Kid-friendly campsites near the city!

Fort Camping in Brae Island Regional Park

Photo Credit: Fort Camping

That’s right – camping in Langley! The perfect little family getaway. With games, movie nights and a ton of outdoor activities for the kids to keep busy, parents can kick up their feet and enjoy some free time of their own. For a bit of extra luxury, upgrade to one of their tent cabins. Reserve online.

The 411 on how to reserve a campsite

Golden Ears Provincial Park

kid-friendly campsite
Photo credit:

For families living in Maple Ridge, Mission and Pitt Meadows, Golden Ears Provincial Park is right there in your backyard.

Alouette Lake provides ample opportunities for swimming, boating, canoeing, windsurfing and even rustic marine-accessible campsites for the adventurous. The campsite also includes amenities such as flush toilets, showers, a playground and the Spirea Universal Access Trail, which has been designed to accommodate a range of physical disabilities.

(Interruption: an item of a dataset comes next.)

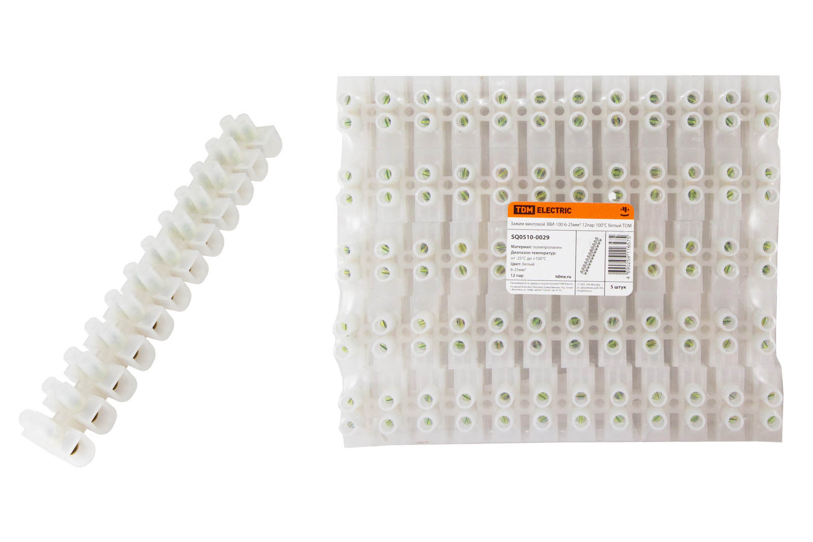 Зажим винтовой ЗВИ-100 полипропилен 6-25мм2 12пар 100°С белый TDM

Chilliwack Lake Provincial Park

Photo credit: BC Parks, Gov of BC

Just a little further down the road you’ll find a relaxing campsite with a breathtaking view. You will want to return to this little piece of heaven every year. Not only will your family enjoy the scenic drive in, but you’ll have much more to take in when you get there. Fantastic hiking trials, and if your family is of the canoeing type, this is the spot you talk about for years to come.

Rolley Lake Provincial Park

Photo credit: BC Parks, Gov of BC

A quiet place to camp with the little ones. Around the lake is completely flat, so great for setting up a tent. The lake has plenty of shallow spots perfect for little swimmers and floppers. With barbecues, washrooms and grassy areas, it’s also a great place to spend the day.

Alice Lake Provincial Park

Photo credit: BC Parks

A long-time favourite with many local families, Alice Lake has something for everyone and it’s an easy drive that can be done in an hour or two, including a bathroom break.

The campsite at Alice Lake features a calm lake with a sandy waterfront for playing and building sand castles, short hikes around the perimeter of the lake, and showers, flush toilets, electrical hookups and walk-in campsites available. In fact, Alice Lake’s popularity is its main downfall, so reserving your campsite in advance is strongly recommended.

Lightning Lake in Manning Park

Photo credit: BC Parks, Gov of BC

A little further afield, camping at Lightning Lake in E C Manning Provincial Park is a great choice for families who don’t mind spending a little longer in the car (and once travel restrictions are over!).

Lightning Lake is a great place to rent a canoe and go exploring on the water, or drive up to the alpine meadows in July or August to witness the explosion of wildflowers without having to hike up by foot. An interpretive program at the campsite each evening is a great chance to learn about the local impact of the pine beetle.

Due to the longer drive, Lightning Lake may be a bit too far for a one-night stay, so plan on staying a couple of nights to have a chance to relax and enjoy yourself.

Five kid-friendly camping meals

No matter where you decide to go camping as a family, remember to plan ahead, bring more clothes for your toddler than you think you’ll need, and enjoy being in the great outdoors.

Book your spot up to three months in advance through the Province’s Discover Camping (with the exception of Fort Camping) website.

** A note on COVID-19 and Camping

  • The provincial travel order issued on April 23, 2021, prohibits people from leaving their Health Authority Regions (some are combined for the purposes of this order), or visiting from out of province, for non-essential reasons. If you need to cancel your reservation due to the provincial travel order, you can receive a full refund.
  • All visitors arriving in parks are required to adhere to the current provincial restrictions, even if they have changed since the time of booking.
  • Park operators will be monitoring for compliance with all restrictions across all of our parks.